I shut the balcony doors and made my way across the long hall.
About halfway there the vacuum cut out and I stopped in my tracks. Seconds later, I heard the clamoring of a vacuum being lifted up the stairs. I waited for Resmelda to appear, see me, most likely have a stroke, fall down the stairs and break her neck, or she would run and call the police and I would end up arrested and have a breaking and entering charge added to my rap sheet. But Resmelda stopped on the second floor, and twenty seconds later the soft whir of the vacuum started back up.

I took a deep breath and made my way into the master bedroom.
The room looked much like you would expect of a married couple’s room. Large bed, unmade, dresser for his clothes, closet for hers. Couple paintings on the wall. Attached bathroom with a large walk-in shower and Jacuzzi tub.

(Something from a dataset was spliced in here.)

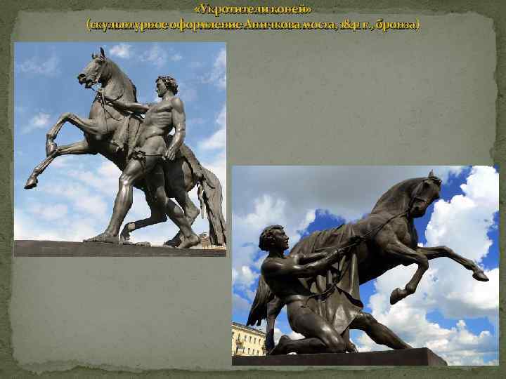 - - - выдающегося мастер-анималиста; сын генерала, участника Отечественной войны 1812 г. , родился в Петербурге; с 1828 г. Клодт начинает посещать Академию художеств в качестве вольнослушателя; Первой ответственной работой явилось исполнение в 1833 г. колоссальных моделей коней для скульптурной группы, венчающей Нарвские триумфальные ворота, сооруженные В. П. Стасовым; В 1833 г. скульптор приступил к работе над моделями первых двух групп «Укротителей коней» (из числа четырех), установленных на Аничковом мосту. В этих прославленных группах скульптор последовательно изобразил различные моменты укрощения необъезженного коня. Общая тема этих групп может быть определена как борьба воли и разума человека со стихийными силами природы. Поверженный наземь при первой попытке обуздать животное, человек в конечном счете все же становится победителем. В последней по замыслу группе он уверенно выступает рядом с подчинившимся ему конем; В группах Клодта мы видим сочетание точности в передаче натуры с известной обобщенностью пластической формы, реалистической конкретности с элементами декоративности. Четко переданные упругие объемы характерны для всех четырех групп и хорошо воспринимаются зрителями. Не менее ясными и художественно выразительными оказываются и их отчетливо рисующиеся силуэты. Соединение всех этих качеств делает группы Клодта превосходными образцами монументально-декоративной скульптуры, органически, активно включающимися в архитектурное окружение, в городской ансамбль. П. К. Клодт (1805 -1867 гг. )

I riffled through a couple drawers; Adam was a whitie-tighties guy, he was reading some Grisham book, and he brushed with Aquafresh.
I got on my hands and knees and looked under the bed.

Nada.

I picked up his book,
The Innocent Man
, off the night stand and read the back copy. Didn’t sound half bad. Something slipped from the pages of the book and fluttered to the bed. It was a photograph, a four by six. A shot of fall foliage, a snowcapped mountain range just off center. It was a nice shot. Good lighting. Probably early morning.

I shrugged.
But this wasn’t the only thing hidden within the book. I noticed a small bulge and flipped it open to four folded sheets of paper. I unfolded the crisp pages. The letterhead atop the first page read, “Seattle First National.”

It was a checking account statement.

I flipped through the statement.
Actually, it was two separate checking account statements. The Seattle First National statement was three pages. Then a single page statement from a bank called Bank of Victoria.

I checked the date.
Both statements were for November. I perused the First National statement first. Three pages worth. According to the statement, Gray’s balance was over $2 million. His liquid assets. He no doubt had millions more tied up in his portfolio, stocks, bonds, whatever was the latest trend. And if he’d gotten suspicious that his wife was divorcing him, he might have been trying to diversify even further. If you get my drift.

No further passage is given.